This post is not the only one to suggest that because the ambiguity of language is in some way analogous to the ambiguity of musical 'language', it shows how music IS a language and can therefore carry the same level of representational meaning. I don't accept this. I recognise that language is open to confusion, ambiguity, misinterpretation, misunderstanding - and that can be due to both writer/speaker's poor writing/speaking as well as the listener's/reader's poor listening/reading.

But (let's stick with written) language starts with an alphabet, a vocabulary and a formal syntax which is broadly commonly understood. If it didn't, I couldn't possibly communicate anything to any reader on the forum. In fact, the obvious point to make here is that if you've ever been to a country where you don't know the language at all, communication is almost impossible.

This goes back to a point already established by EdwardBast and accepted by me (posts #22, #24, #29) (and others) that if both composer and listener recognise that certain formulations "represent" or "mean" certain emotions, it can be said that music can "express" emotions. Just a brief reading of extracts from Hatten's Musical Meaning in Beethoven and Lowe's Pleasure and Meaning in the Classical Symphony confirm the common sense that this is a reasonable stance. Lowe goes further (in the pieces I've read) though in recognising that once the listener does not "speak the language" - for example, a 21stC listener unfamiliar with the formalities of the classical symphony - the chance that the music will not be heard to "express" the emotion intended by, say, Beethoven, increases. This is no-one's fault, but it introduces the idea that while music _can "_express" emotion in some favourable circumstances, and usually does _arouse _emotion (well, adrenalin at least) in, say, a military march, the idea that emotion somehow _resides in _the music is questionable.



Eva Yojimbo said:


> You can also see my reply to San Antone above where I think I covered this. Essentially, what you two seem to be arguing that music is not as specific as language, which is not a point I dispute. However there is a huge grey area between "super specific so that everyone understands what is meant" and "completely unspecific so that everyone can make up their own meaning and will react differently." Both language and music occupy much of this grey area, even if language is usually closer to the "specific" end of the spectrum and music closer to the "unspecific" end. There are undoubtedly pieces of music that are commonly *associated *with love*.*


And therein lies the problem. How do we analyse that association and separate all the non-musical cues from the musical?

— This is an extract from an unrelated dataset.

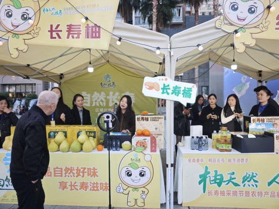 2025年11月21日,长寿柚采摘节暨农特产品展销会——“爱尚重庆·购在长寿2025 秋冬消费季在长寿时代广场正式开启,19个街镇携当地特色农特产品参展。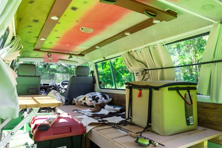 ニジマス柄の天井にはロッドを格納できる。簡易テーブルつきで車内で動画編集することもあるという

Just to confirm via a different example. I've played the _William Tell Overture _to classes of primary aged children (4-11 year olds) and they had no problem being so stirred by the gallop that the class could get out of hand. I'm pretty sure that few of them would have seen _The Lone Ranger_, so they were unlikely to be bringing that non-musical cue with them. They were responding directly to the obvious, simple emotional cues in the music. It's not a piece to play at the beginning of an assembly for collective worship if you're looking for quiet reflection!

So, yes, there are obvious examples of music's capacity for emotional expression, stimulated by, as EdwardBast noted, the mimicking of human movement and human vocalisations.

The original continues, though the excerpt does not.